---------- Information supplied ----------
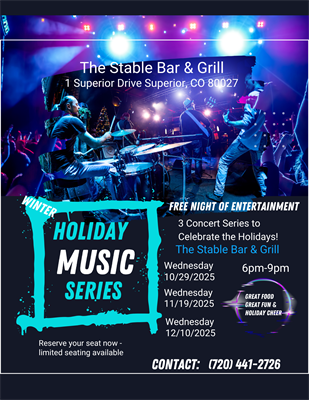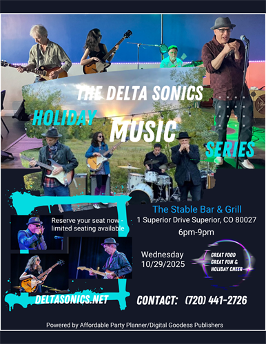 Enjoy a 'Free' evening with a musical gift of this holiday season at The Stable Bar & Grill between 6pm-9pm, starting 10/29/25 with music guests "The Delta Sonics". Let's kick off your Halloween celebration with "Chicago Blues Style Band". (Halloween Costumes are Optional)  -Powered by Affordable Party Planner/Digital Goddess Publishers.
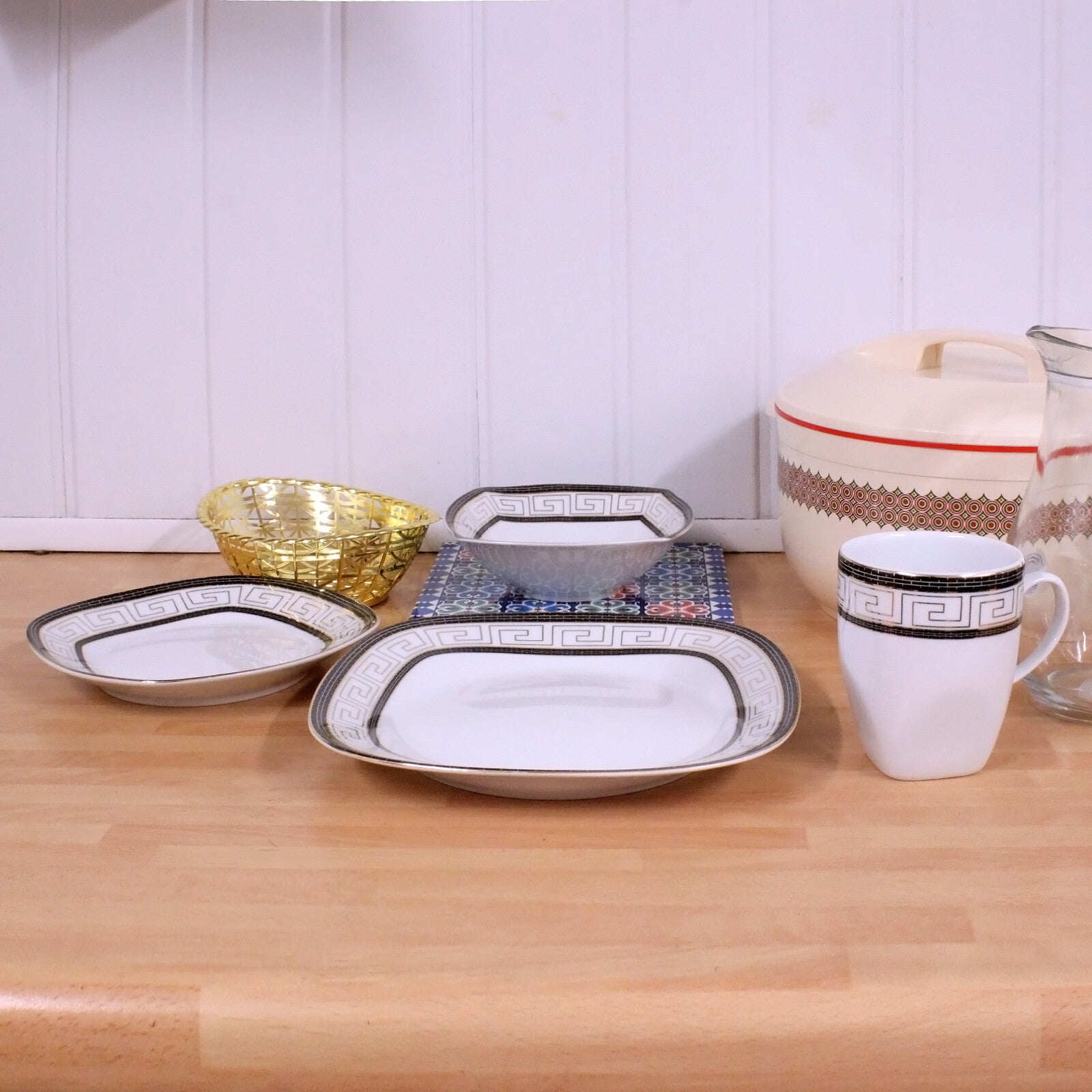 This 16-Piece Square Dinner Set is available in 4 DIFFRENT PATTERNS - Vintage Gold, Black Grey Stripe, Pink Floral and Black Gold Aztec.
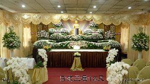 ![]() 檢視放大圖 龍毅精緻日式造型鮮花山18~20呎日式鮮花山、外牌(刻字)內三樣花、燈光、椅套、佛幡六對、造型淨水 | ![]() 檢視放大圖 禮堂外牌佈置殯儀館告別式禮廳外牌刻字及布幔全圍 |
----------
Exercise aim -> The listing above, line by line: print it exactly, but not its pictures.

Response below ->
 Enjoy a 'Free' evening with a musical gift of this holiday season at The Stable Bar & Grill between 6pm-9pm, starting 10/29/25 with music guests "The Delta Sonics". Let's kick off your Halloween celebration with "Chicago Blues Style Band". (Halloween Costumes are Optional)  -Powered by Affordable Party Planner/Digital Goddess Publishers.
 This 16-Piece Square Dinner Set is available in 4 DIFFRENT PATTERNS - Vintage Gold, Black Grey Stripe, Pink Floral and Black Gold Aztec.
 ![]() 檢視放大圖 龍毅精緻日式造型鮮花山18~20呎日式鮮花山、外牌(刻字)內三樣花、燈光、椅套、佛幡六對、造型淨水 | ![]() 檢視放大圖 禮堂外牌佈置殯儀館告別式禮廳外牌刻字及布幔全圍 |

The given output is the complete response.